Faith Alone


500 years ago, this fall, a Roman Catholic priest, named Martin Luther, produced a list of theological statements that addressed doctrinal concerns facing the church of his day. He reportedly posted the list on the door of a prominent church in Wittenberg, Germany to make its contents available to the public. Translations of Luther’s famous “95 Theses” were soon reprinted and distributed throughout Europe. This act marked the beginning of the Protestant Reformation, a theological movement that changed history and that is still impacting the Christian Church throughout the world, to this day.

A biblical truth emphasized in the Reformation is the idea that salvation is given by grace alone, received through faith alone, and based on the work of Christ alone. In other words, acceptance with God is not something we earn through our moral effort; it is a gift from God.

This fall at ACC, to commemorate these great Reformation truths, we will be studying the New Testament book of Galatians.

Galatians is probably the earliest letter in the Bible written by the Apostle Paul. It was addressed to a group of churches that Paul and Barnabas had planted in Asia Minor (present-day Turkey). Paul wrote this letter in response to a report that false teachers were infiltrating these churches. The message of these false teachers was that Gentile believers needed to be circumcised, adhere to Jewish dietary laws, and follow other Jewish customs if they hoped to be saved. (The presence of similar false teachers in the church at Antioch is described in Acts 15:1.) 

Paul wrote the letter to the Galatians because he was greatly alarmed.  He wanted to defend the doctrine that salvation is by grace alone, through faith alone, because of Christ alone.  In other words, he wanted to defend the gospel. To suggest, as the false teachers were doing, that we need to add our good works to the gospel nullifies its message completely. 

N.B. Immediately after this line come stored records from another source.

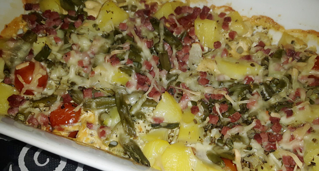 Das Gemüse habe ich vor dem Backen in einer Schüssel mit Öl und und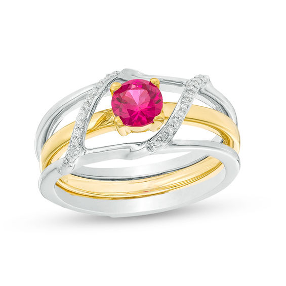 Unexpected and unforgettable, this three-in-one ring is sure to turn heads. Crafted in warm 10K gold, the vibrant inner ring showcases a 5.0mm lab-created bright red ruby solitaire. The sterling silver outer ring features two sparkling diamond-lined curved ribbons that connect two polished bands. Wear these pieces separately or bring them together for a unique look. Captivating with 0.04 ct. t.w. of diamonds and a brilliant buffed lustre, this ring offers a variety of style options. Custom-made to fit her ring size. Sterling silver rings cannot be resized after purchase.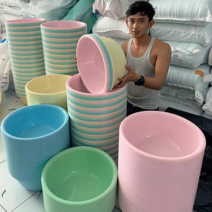 Promo Baskom warna warni serbaguna plastik isi 4pcs - Warna campur Sedang uk 28cm Keren

Though we are long removed from ancient Galatia and from medieval Germany, the issues addressed in the book of Galatians (and the issues addressed by the Reformers) are still vitally important in our lives today. It is only as we come to understand and embrace the pure message of the gospel that we experience God’s power and joy in our lives.

So, come study Galatians with us this fall. We will be preaching from it on Sundays and discussing it in many of our Community Groups during the week. Come re-discover the power and joy of the gospel – the message of God’s gift of life received through faith alone.